L’Autorité des Antiquités, lors d’une conférence de presse organisée mardi sur les lieux des travaux controversés, a répété que toutes les inquiétudes concernant les dommages éventuels à des mosquées étaient infondées. Les travaux de renforcement concernent le tumulus de Mougrabi, loin du Mont du Temple. "Cette information est donc fausse", a déclaré l’archéologue Youval Baroukh. "D’ailleurs, ces excavations sont conduites à ciel ouvert et ouvertes à tous. Tout le monde peut venir les observer", a-t-il ajouté.

L’Autorité des Antiquités a entamé les travaux il y a trois semaines. Elle compte insérer des colonnes de soutènement sous le tumulus de Mougrabi, après l’effondrement du chemin d’origine lors d’une tempête de neige en 2004 et la construction d’une passerelle provisoire, déclarée dangereuse car la colline elle-même est instable.

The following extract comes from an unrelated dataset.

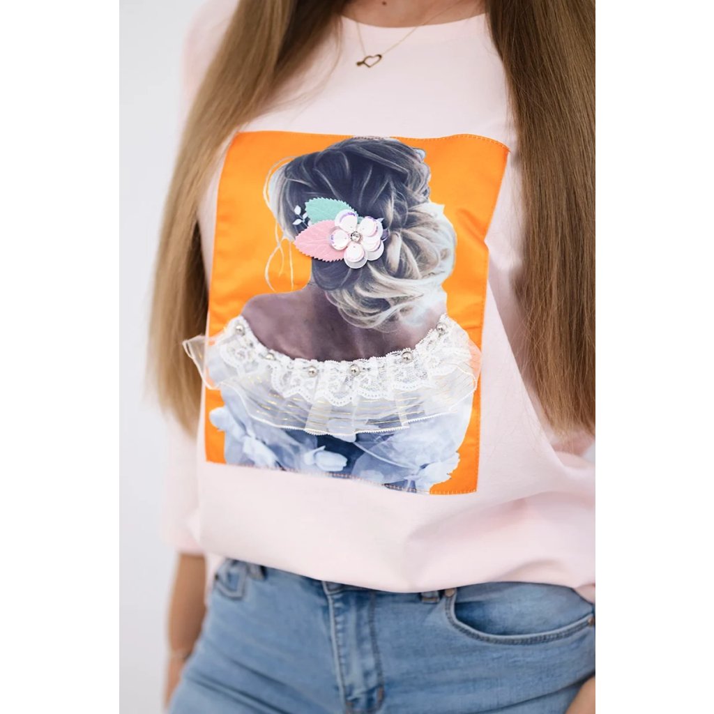 Predstavujeme vám super blúzku. Blúzka má našitú grafiku vpredu znázorňujúcu dievča. Táto blúzka sa vyznačuje moderným vzhľadom a precíznym spracovaním. Určite by nemala chýbať vo vašom šatníku. Blúzka je vyrobená z vysokokvalitného materiálu. Univerzálna veľkosť bude vhodná pre dámy nosiace oblečenie vo veľkosti S, M alebo L.

Meir Ben-Dov, archéologue qui a dirigé les excavations près du Mont du Temple pendant 39 ans, affirme quant à lui qu’il n’est nul besoin de travaux si importants et qu’on pouvait se contenter d’une solution "plus simple et moins coûteuse". D’après lui, la décision de démolir le tumulus Mougrabi pour y construire deux ponts à la place pourrait provoquer un bain de sang : "Jusqu’à présent, les choses étaient assez calmes, alors pourquoi les enflammer aujourd’hui. A-t-on besoin de conflits religieux ? Ces gens sont stupides, à courte vue. Ils cherchent les émeutes."

La députée travailliste Colette Avital a appelé le gouvernement à annuler les travaux prévus : "Nous devons éviter toute tension inutile à Jérusalem."

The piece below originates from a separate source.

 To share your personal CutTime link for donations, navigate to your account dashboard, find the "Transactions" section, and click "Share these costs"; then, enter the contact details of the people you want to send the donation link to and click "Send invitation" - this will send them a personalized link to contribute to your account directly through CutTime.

Yossi Beilin, député et président du parti Meretz, a qualifié ces travaux d’"irresponsables", et a dit qu’ils pourraient avoir des "conséquences dévastatrices". "Quiconque se souvient des conséquences de la visite d’Ariel Sharon au Mont du Temple et à l’ouverture du Mur des Lamentations, prend des risques immenses en termes de vies humaines et fait le jeu des extrémistes du côté palestinien", a-t-il ajouté.

Le député Gideon Saar (Likoud) a dit que c’étaient les critiques des députés de gauche qui étaient irresponsables et qui faisaient le jeu du Hamas et du Jihad islamique.

La réaction jordanienne (source : Ha’aretz)

Le roi Abdallah II de Jordanie [1] a dit mardi que les travaux d’excavations entrepris par Israël près de la Mosquée d’al-Aqsa à Jérusalem provoquent une dangereuse montée des tensions au Proche-Orient et pourraient faire dérailler les tentatives de relance des négociations.

"Ce que fait Israël, par ses pratiques et ses attaques contre nos lieux saints musulmans constitue une violation flagrante qui ne peut être acceptée sous aucun prétexte", a dit le roi cité par l’agence de presse jordanienne Petra. "Ces mesures ne feront que créer une atmosphère qui n’aidera en aucune manière au succès des efforts entrepris pour relancer le processus de paix. Il s’agit d’une escalade dangereuse à laquelle nous assistons ces dernières heures... ces travaux et ces excavations menacent les fondations de la Mosquée d’al-Aqsa", a-t-il ajouté.

Une réaction palestinienne officielle (source : Wafa)

De son côté, l’agence de presse palestinienne annonçait aujourd’hui que "des bulldozers israéliens sont en train de détruire la Mosquée d’al-Aqsa".